Именно создание почвы и стало задачей первых поселенцев.

Чувствуете, насколько все сложно? Клевер, пчелы, азот, первая космическая скорость, баланс растений и животных, газовые законы, законы сложных процентов, метеорология, математика – экологу приходится думать обо всем, причем наперед. Экология подобна взрывчатому веществу – то, что может показаться мелочью и безобидным вмешательством, способно изменить всеобщее равновесие. Все слышали про английских воробьев, про австралийских кроликов, едва не сожравших весь континент до последнего дома, про карибских мангустов, уничтоживших кур, которых они должны были защищать, и про африканскую улитку, практически погубившую Западное побережье, прежде чем удалось найти убивающего ее паразита.

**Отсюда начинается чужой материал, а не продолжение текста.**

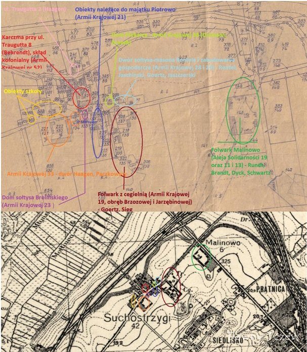 Do kogo później należały ziemie Wilhelma Schultza, wymienionego w księdze adresowej z 1858 r., nie udało się w świetle dostępnych źródeł ustalić. Niewykluczone, że były to parcele, które rodzina Haagen sprzedała Weissom i Jaschinskim; albo ziemie Jana Rogowskiego, przyłączone do Malinowa a później do Piotrowa. Odpowiedź prawdopodobnie znajduje się w starych księgach gruntowych Suchostrzyg.

Стоит привезти на Ганимед безобидное полезное насекомое, растение или животное, позабыв взять заодно его естественных врагов, и через пару сезонов начнешь жалеть, что не завез вместо них бубонную чуму.

Но все это было заботой главного эколога; в задачи же фермера входила прикладная агрономия – создание почвы, а затем выращивание на ней растений.

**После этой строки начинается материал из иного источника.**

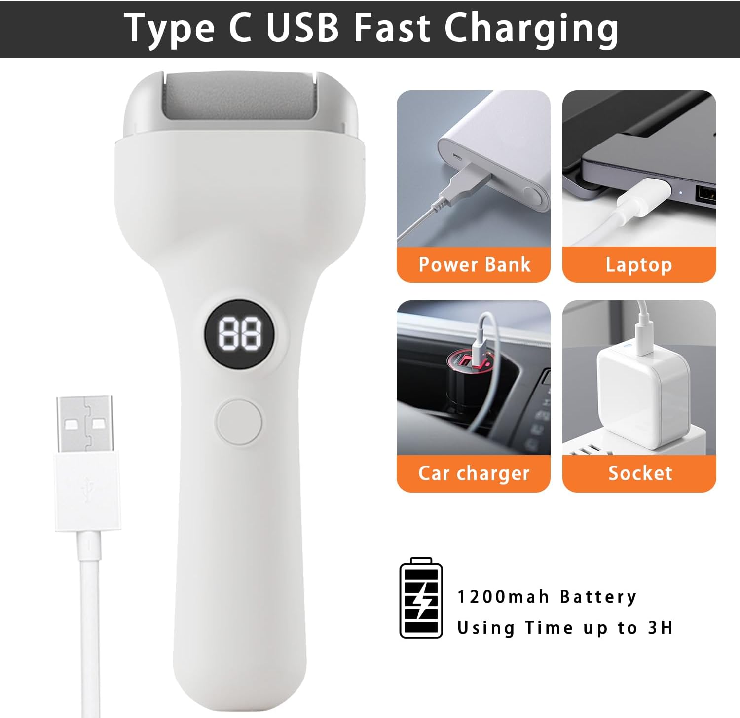• Long-Lasting Battery Power: This rechargeable electric callus remover for feet has a powerful 1200mAh battery, delivering cordless convenience for all-day. Ideal as a battery operated foot scraper, no charging worries—perfect for home or travel.

Это означало, что все попадавшееся по пути – вытаявшие из льда гранитные валуны, потоки застывшей лавы, пемзу, песок, древнюю твердую породу – приходилось взрывать на мелкие кусочки, дробить их верхний слой в песок, измельчать верхние несколько дюймов в пыль и наконец вносить в почву частицу самой матери Земли. А потом за ней требовалось ухаживать, поддерживая в ней жизнь и помогая ей распространяться. Нелегкая работа.

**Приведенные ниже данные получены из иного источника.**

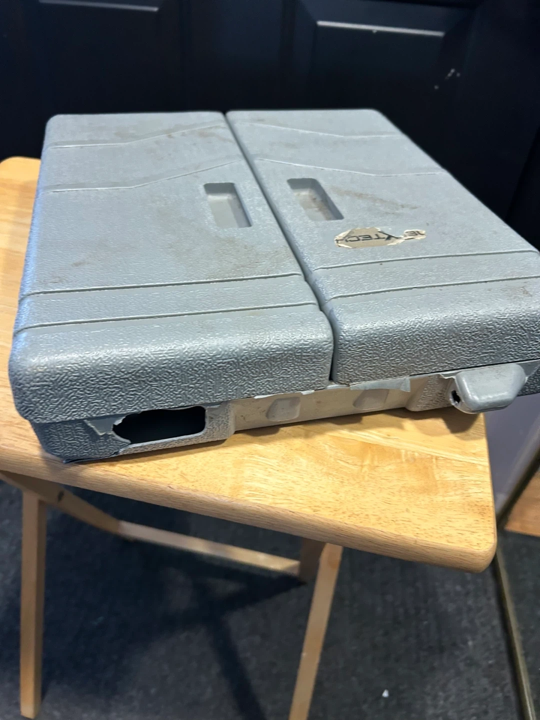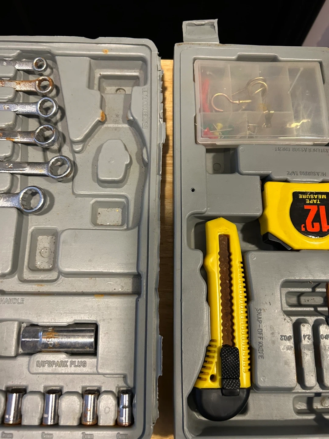 Handy tool kit for home projects. Has wrenches, sockets, screwdrivers, tape measure, and utility knife. The case is broken and one of the folding sides is disconnected.

Но все это было крайне интересно. Я полностью позабыл о своем первоначальном намерении изучить тему лишь ради того, чтобы сдать зачет на нашивку. Поспрашивав других, я выяснил, где можно увидеть разные стадии этого процесса, и взглянул на них сам, потратив на это большую часть светлой фазы.

Вернувшись в город, я узнал, что меня искал Джордж.

– Где ты был, черт побери? – требовательно спросил он.

– Да просто болтался в округе, – ответил я. – Смотрел, как работают поселенцы.

Он поинтересовался, где я спал и как мне удавалось раздобыть еду.

– Билл, то, что ты учишься ради своих нашивок, – все это очень хорошо, но и в бродягу превращаться тоже ни к чему, – возразил он. – Возможно, в последнее время я мало уделял тебе внимания – извини…

Он ненадолго задумался.

– …Пожалуй, тебе стоило бы пойти в здешнюю школу. Вряд ли они многое смогут тебе дать, но все лучше, чем болтаться без дела.

– Джордж?

– Да, наверное, так будет лучше…

– Ты что, полностью отказался от мысли стать поселенцем?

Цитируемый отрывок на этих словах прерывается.